# [TASK GOAL]
Only the lines from the first line of the entries through the line with "Aunque se reabrió" belong in the answer, each restated word for word and without pictures.

# [SUPPLIED DATA]

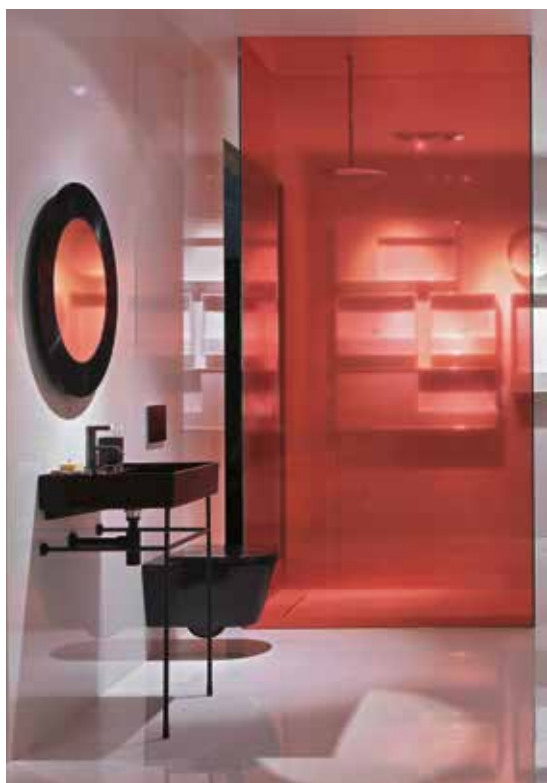
En bild från Kartell by Laufens monter på vårens II Salone visar en raffinerad dynamik med svarta sanitetsartiklar och en röd duschvägg. Designerna Ludovica och Roberto Palomba har skapat kollektionen med samma namn.
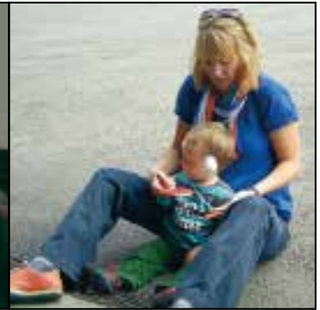
Auch die Aller kleinsten können schon mit dem Zelluloidball beschäftigt werden.
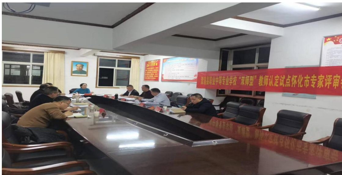
图十三：学校召开“双师型”教师认定推动会议
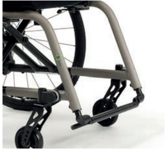
Monobloc, Rohr aus Aluminium

erhältlich in den Winkeln: 70°, 80° und 90°
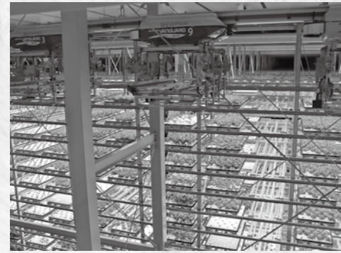
▲モノレールが自動でレタスを搬送し、各作業ロボットが待つ部屋に移送します
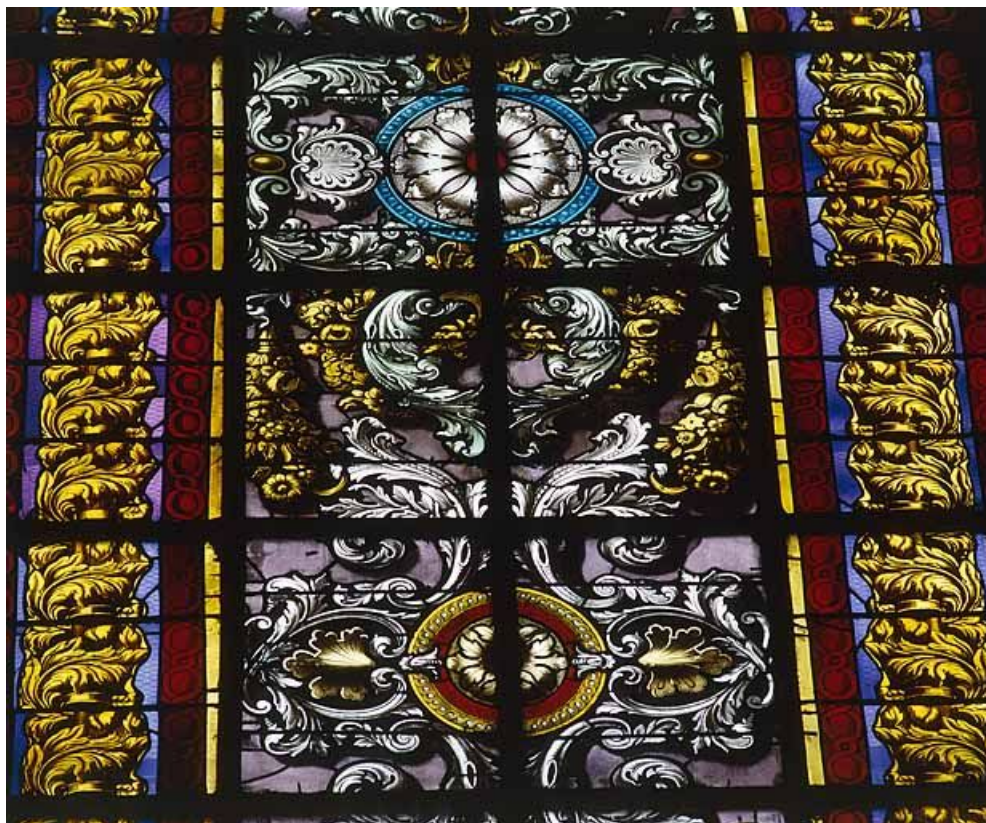
Baie 126 : détail.
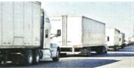
Aunque se reabrió la garita comercial en Cd. Juárez-El Paso, la saturación de camiones de carga continúa en el resto de los cruces.

ASEDIA ISRAEL A GAZA: AMENAZA HAMAS CON MATAR A REHENES INTER. (PÁG. 15)

# [SOLUTION FOR THIS EXERCISE]
En bild från Kartell by Laufens monter på vårens II Salone visar en raffinerad dynamik med svarta sanitetsartiklar och en röd duschvägg. Designerna Ludovica och Roberto Palomba har skapat kollektionen med samma namn.
Auch die Aller kleinsten können schon mit dem Zelluloidball beschäftigt werden.
图十三：学校召开“双师型”教师认定推动会议
Monobloc, Rohr aus Aluminium

erhältlich in den Winkeln: 70°, 80° und 90°
▲モノレールが自動でレタスを搬送し、各作業ロボットが待つ部屋に移送します
Baie 126 : détail.
Aunque se reabrió la garita comercial en Cd. Juárez-El Paso, la saturación de camiones de carga continúa en el resto de los cruces.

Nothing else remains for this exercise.